• AIM OF THE TASK: Your job is to print, exactly, the lines in the data below from the line with "Металлический самолет игрушка" through the line with "Geboortekaartje baby jongen", both included, and to omit any picture.

• RECORDS PROVIDED:
Segment Open
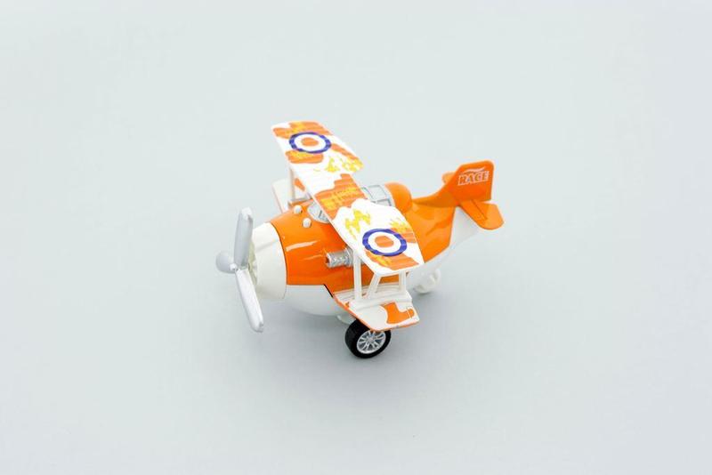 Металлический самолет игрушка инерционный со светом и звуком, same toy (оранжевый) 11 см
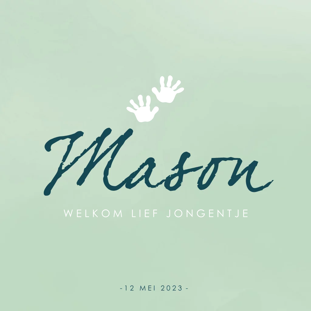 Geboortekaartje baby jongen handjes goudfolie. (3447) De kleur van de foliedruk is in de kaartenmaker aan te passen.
Segment Closed
Segment Open
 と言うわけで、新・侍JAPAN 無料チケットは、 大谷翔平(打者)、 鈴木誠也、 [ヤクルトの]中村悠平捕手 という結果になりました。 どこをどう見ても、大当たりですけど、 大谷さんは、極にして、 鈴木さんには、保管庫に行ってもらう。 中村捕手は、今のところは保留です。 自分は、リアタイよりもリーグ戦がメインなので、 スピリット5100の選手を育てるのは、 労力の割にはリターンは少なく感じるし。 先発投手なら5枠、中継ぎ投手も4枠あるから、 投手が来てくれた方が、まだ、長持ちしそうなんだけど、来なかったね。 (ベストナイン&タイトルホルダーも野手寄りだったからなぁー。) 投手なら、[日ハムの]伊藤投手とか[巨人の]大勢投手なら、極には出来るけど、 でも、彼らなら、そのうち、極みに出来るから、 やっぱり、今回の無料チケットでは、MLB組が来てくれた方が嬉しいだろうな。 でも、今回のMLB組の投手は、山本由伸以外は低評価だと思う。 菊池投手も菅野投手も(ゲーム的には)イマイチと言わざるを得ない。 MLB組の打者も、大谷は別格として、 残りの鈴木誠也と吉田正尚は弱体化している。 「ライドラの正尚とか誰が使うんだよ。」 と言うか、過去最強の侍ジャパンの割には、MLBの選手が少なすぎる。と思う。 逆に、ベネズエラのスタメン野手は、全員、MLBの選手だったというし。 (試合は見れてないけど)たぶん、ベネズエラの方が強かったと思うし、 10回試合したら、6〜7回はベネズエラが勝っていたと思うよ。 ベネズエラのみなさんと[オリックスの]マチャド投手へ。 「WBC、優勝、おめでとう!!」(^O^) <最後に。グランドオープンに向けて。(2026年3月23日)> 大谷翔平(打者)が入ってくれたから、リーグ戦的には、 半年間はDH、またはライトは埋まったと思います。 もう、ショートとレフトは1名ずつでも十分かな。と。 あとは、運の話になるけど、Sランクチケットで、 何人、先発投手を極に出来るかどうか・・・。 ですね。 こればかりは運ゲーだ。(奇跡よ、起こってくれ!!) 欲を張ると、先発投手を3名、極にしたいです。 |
Segment Closed
• OUTPUT BELOW:
 Металлический самолет игрушка инерционный со светом и звуком, same toy (оранжевый) 11 см
 Geboortekaartje baby jongen handjes goudfolie. (3447) De kleur van de foliedruk is in de kaartenmaker aan te passen.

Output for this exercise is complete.